Selain menghambat siklus daur energi, penangkapan ikan secara berlebihan tentu
juga mengancam keberlangsungan hidup spesies ikan tertentu yang dijadikan sebagai
target manusia. Apabila tidak segera dikendalikan, spesies ikan yang bersangkutan bisa
saja berujung kepada kepunahan, yang akan menurunkan keanekaragaman hayati. Karena
setiap spesies memiliki peranannya masing-masing, maka menghilangkan salah satu
spesies saja sudah cukup untuk memperburuk keseimbangan ekosistem.
Penggunaan bahan bakar fosil seperti batubara dan minyak bumi, menghasilkan
gas-gas efek rumah kaca yang menjadi penyebab dari pemanasan global. Gas-gas tersebut
terkonsentrasi di atmosfer dan memerangkap panas matahari yang seharusnya dipantulkan
kembali oleh bumi ke luar angkasa. Karena peristiwa tersebut, suhu bumi terus
mengalami peningkatan dari tahun ke tahun. Hal ini sekarang biasa dikenal dengan istilah
“pemanasan global”.
Fenomena pemanasan global yang sedang disaksikan oleh seluruh bentuk kehidupan di
muka bumi saat ini, menimbulkan banyak sekali permasalahan bagi lingkungan hidup.
Peningkatan suhu bumi mengakibatkan es di kutub mencair dan melepas gas metana yang
sangat berbahaya. Apabila dibandingkan dengan karbondioksida, gas metana memiliki
potensi yang jauh lebih besar dalam menyebabkan pemanasan global melalui efek rumah
kaca yang ditimbulkan. Selain itu, gas metana juga dapat mempertipis lapisan ozon yang
melindungi bumi dari radiasi sinar ultraviolet matahari.

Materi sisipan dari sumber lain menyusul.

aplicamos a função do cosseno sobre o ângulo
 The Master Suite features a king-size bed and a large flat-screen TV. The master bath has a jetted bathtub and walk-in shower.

Selain mencairnya es di kutub, terumbu karang pun juga ikut mati akibat peningkatan
suhu air laut. Ketika suhu air mengalami peningkatan, terumbu karang akan mengeluarkan
tumbuhan – tumbuhan kecil yang hidup di dalam terumbu karang, dan tumbuhan kecil ini
merupakan pemberi warna dan sumber utama makanan terumbu karang, sehingga terumbu
karang kehilangan sumber makanan utamanya dan berubah menjadi putih. Apabila suhu air
laut tetap tinggi selama beberapa minggu ke depan, terumbu karang akan kelaparan dan pada
akhirnya mati. Tidak sampai 1 persen dasar laut yang ditutupi oleh terumbu karang, tetapi
terumbu karang menjadi rumah bagi seperempat dari seluruh spesies makluk hidup laut di
bumi. Hilangnya terumbu karang akan memusnahkan seluruh komunitas yang bergantung
padanya, dan hal tersebut akan memberikan pengaruh signifikan terhadap menurunnya
angka keanekaragaman hayati yang berujung pada terganggunya keseimbangan ekosistem
bawah laut.
Berdasarkan uraian di atas, terlihat jelas bahwa terdapat korelasi yang kuat antara gaya
hidup manusia dengan permasalahan lingkungan hidup. Beberapa aktivitas tertentu yang
dilakukan oleh manusia, seperti penangkapan ikan secara berlebih, deforestasi, peternakan,
pertanian, perkebunan, pembakaran bahan bakar fosil, dan lain-lain, dapat mengganggu
keseimbangan ekosistem yang berpotensi untuk melahirkan berbagai macam permasalahan
lingkungan. Maka dari itu, manusia harus berkomitmen untuk mengurangi aktivitas-aktivitas
yang bersifat merusak tersebut, demi memberikan kesempatan bagi alam untuk memperbaiki
diri serta memulihkan stabilitas di muka bumi ini.